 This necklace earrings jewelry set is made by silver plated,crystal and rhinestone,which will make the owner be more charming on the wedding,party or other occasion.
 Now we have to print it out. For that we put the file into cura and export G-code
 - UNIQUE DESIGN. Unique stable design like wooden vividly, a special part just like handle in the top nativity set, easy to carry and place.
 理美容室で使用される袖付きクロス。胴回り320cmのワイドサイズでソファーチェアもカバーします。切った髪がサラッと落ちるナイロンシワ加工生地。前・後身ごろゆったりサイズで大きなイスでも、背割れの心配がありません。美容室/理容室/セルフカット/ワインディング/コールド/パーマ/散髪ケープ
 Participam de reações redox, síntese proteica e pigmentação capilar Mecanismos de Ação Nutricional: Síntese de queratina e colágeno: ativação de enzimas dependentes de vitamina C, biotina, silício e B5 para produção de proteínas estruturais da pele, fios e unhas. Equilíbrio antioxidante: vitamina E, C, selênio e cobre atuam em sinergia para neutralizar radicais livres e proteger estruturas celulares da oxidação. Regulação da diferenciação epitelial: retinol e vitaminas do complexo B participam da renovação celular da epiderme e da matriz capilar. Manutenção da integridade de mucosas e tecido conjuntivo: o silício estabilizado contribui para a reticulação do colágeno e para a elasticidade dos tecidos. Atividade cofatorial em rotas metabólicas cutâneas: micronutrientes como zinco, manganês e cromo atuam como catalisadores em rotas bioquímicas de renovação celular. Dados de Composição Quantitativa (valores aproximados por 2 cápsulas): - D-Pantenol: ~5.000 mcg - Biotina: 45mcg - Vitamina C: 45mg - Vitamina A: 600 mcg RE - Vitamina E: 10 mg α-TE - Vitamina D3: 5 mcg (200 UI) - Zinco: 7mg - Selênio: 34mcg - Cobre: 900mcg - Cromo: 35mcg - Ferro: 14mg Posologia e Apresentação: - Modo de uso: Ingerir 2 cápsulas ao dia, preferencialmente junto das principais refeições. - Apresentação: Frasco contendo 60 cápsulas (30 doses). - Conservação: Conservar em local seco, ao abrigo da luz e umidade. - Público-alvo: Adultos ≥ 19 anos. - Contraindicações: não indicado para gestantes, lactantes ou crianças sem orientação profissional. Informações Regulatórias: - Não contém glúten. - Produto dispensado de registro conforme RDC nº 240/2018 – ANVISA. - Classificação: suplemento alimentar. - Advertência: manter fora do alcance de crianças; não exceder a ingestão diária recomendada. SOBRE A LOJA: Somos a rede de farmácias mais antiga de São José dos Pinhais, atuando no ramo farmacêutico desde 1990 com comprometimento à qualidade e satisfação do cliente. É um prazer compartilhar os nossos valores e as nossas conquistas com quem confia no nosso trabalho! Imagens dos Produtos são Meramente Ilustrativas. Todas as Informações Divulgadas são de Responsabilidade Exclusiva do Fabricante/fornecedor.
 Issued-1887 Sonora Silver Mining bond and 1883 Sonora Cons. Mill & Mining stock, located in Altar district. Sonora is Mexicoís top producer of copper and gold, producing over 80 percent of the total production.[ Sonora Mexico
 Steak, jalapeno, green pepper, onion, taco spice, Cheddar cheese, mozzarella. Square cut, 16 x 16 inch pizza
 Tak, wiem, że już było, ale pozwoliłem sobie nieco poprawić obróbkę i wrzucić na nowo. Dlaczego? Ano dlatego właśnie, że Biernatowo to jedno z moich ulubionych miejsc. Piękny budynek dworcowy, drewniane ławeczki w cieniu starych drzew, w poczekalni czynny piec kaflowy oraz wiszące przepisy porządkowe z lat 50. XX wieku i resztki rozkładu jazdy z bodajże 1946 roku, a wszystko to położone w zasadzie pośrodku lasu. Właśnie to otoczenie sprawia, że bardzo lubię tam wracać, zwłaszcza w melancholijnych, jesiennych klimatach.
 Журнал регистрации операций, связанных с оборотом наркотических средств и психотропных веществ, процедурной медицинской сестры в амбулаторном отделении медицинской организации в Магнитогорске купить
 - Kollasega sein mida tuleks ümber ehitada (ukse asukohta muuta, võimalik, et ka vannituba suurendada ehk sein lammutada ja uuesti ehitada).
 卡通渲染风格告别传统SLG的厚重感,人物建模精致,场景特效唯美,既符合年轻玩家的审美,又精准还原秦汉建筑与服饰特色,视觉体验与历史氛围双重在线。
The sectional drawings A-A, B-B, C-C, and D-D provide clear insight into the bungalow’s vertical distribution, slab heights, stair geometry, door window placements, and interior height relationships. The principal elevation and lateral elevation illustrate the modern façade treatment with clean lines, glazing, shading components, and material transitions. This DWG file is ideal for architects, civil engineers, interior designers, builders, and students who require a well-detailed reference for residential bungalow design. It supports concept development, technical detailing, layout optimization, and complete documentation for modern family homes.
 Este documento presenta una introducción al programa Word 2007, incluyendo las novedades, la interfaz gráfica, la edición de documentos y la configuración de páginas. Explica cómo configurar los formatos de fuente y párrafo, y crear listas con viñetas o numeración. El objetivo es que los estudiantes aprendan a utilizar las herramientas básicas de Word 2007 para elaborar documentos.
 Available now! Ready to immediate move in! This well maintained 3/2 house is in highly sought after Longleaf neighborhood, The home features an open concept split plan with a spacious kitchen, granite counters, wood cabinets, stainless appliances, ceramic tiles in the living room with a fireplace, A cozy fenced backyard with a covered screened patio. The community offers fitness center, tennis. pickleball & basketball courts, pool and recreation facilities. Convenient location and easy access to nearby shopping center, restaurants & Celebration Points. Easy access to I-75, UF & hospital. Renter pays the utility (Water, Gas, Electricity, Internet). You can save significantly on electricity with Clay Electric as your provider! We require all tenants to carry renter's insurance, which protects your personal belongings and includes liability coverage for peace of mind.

■ ■ ■ ■ ■ ■ ■

PROBLEM TO WORK ON - Copy all lines from the listing that contain "This".

RESPONSE -
 This necklace earrings jewelry set is made by silver plated,crystal and rhinestone,which will make the owner be more charming on the wedding,party or other occasion.
The sectional drawings A-A, B-B, C-C, and D-D provide clear insight into the bungalow’s vertical distribution, slab heights, stair geometry, door window placements, and interior height relationships. The principal elevation and lateral elevation illustrate the modern façade treatment with clean lines, glazing, shading components, and material transitions. This DWG file is ideal for architects, civil engineers, interior designers, builders, and students who require a well-detailed reference for residential bungalow design. It supports concept development, technical detailing, layout optimization, and complete documentation for modern family homes.
 Available now! Ready to immediate move in! This well maintained 3/2 house is in highly sought after Longleaf neighborhood, The home features an open concept split plan with a spacious kitchen, granite counters, wood cabinets, stainless appliances, ceramic tiles in the living room with a fireplace, A cozy fenced backyard with a covered screened patio. The community offers fitness center, tennis. pickleball & basketball courts, pool and recreation facilities. Convenient location and easy access to nearby shopping center, restaurants & Celebration Points. Easy access to I-75, UF & hospital. Renter pays the utility (Water, Gas, Electricity, Internet). You can save significantly on electricity with Clay Electric as your provider! We require all tenants to carry renter's insurance, which protects your personal belongings and includes liability coverage for peace of mind.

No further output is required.